ゴッホの手紙でも『種まく人を描くことは昔からの僕の念願だ。古い願いはいつも成熟できるとは限らないけど、僕にはまだできることがある。ミレーが残した「種をまく人」には色彩がない。僕は大きな画面に色彩で「種をまく人」を描こうかと思っている』と手紙に書いてあるとおりに、過剰で極端なまでの刺激的な色彩を表現しています。

この作品では極端なまでの分割主義の影響を感じるのは色の構成です。画面の上部のほぼ真ん中には、地平線へ沈んでいこうとしている太陽が強烈な光を放ち、穂畑を黄金色に輝かせています。そして黄色に輝く太陽の光と対比するように、青色の凹凸の陰影が斑状に描きこまれている、畑へ種をまく農夫です。ゴッホの「種をまく人」とミレーの「種をまく人」は同じような姿勢で描かれ黄色オレンジの中での青の「種をまく人」は際立ちそして、生命力に溢れています。

絵の手前の明暗部分が入り交じる畑のタッチは荒くなっていて、畑の奥に行くほどタッチが細かくなっていきます。そして画面上中央にある太陽の陽光が輝かんばかりに、画面全体を照らしている構図と画面構成はゴッホの完成度の高い美意識を感じさせます。

「種をまく人」の作品が象徴している「人間の生」や「命の再生」を大胆なまでに描いたゴッホのこの作品への取組みは、それから後の20世紀前半の画家達に大きな大きな影響を与えることになりました。

レストランの内部

ゴッホの作品の中でも、「レストランの内部」は新印象派の影響を強くうけたことを感じる作品です。この作品は分割主義と点描といった新印象派の特徴を認めることが出来ます。1887年の作品ですが、この作品レストランが開店する前のレストランの内部が描かれていますが、この頃は赤色と緑色という補色を好んでいました。

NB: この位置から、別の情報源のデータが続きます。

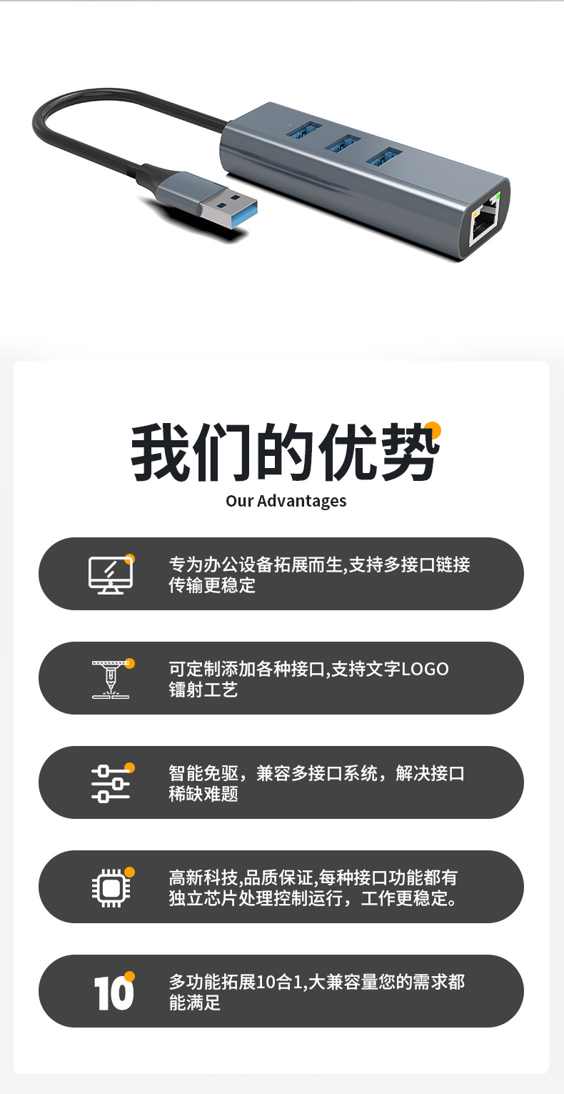 usb extender HUB HUB four port HUB rectangular USB extender gigabit network multi interface docking station
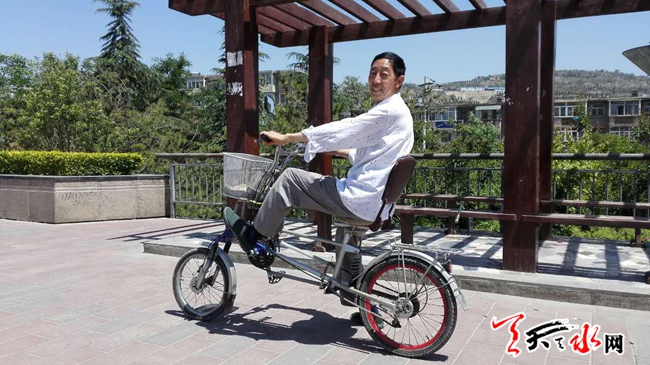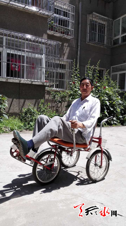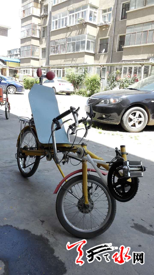 ????天天天水網(wǎng)30日15時訊【記者 張超】自行車對于我們來說都不陌生,坐在車座上雙手扶著車把,用力向前蹬就行了,但在我市麥積區(qū)的二馬路上,經(jīng)常能見到一輛怪模怪樣的自行車,不但車車身造型奇特,而且騎行方式也和普通自行車不同,因為它是一輛“躺著騎”的自行車,是不是覺得有點稀奇?

ゴッホの作品の中では、明るくパステル調になっていて穏やかな優しい雰囲気を感じる作品になっています。すべてを点画で描いているのではなく、目を凝らしてみるとテーブル、イスはいつものゴッホの筆で描かれています。そこにすべてを分割主義、点画で描くのではなくゴッホ独自のものを作り出そうとしていたのかもしれません。

ゴッホの筆はとても大胆で素早いタッチで描くことが特徴でもなり、ゴッホの個性だった作風と、細かく詳細に緻密に描いていくスーラやシニャックの点描主義は無理があったようで、ゴッホは次第に分割主義から離れていきました。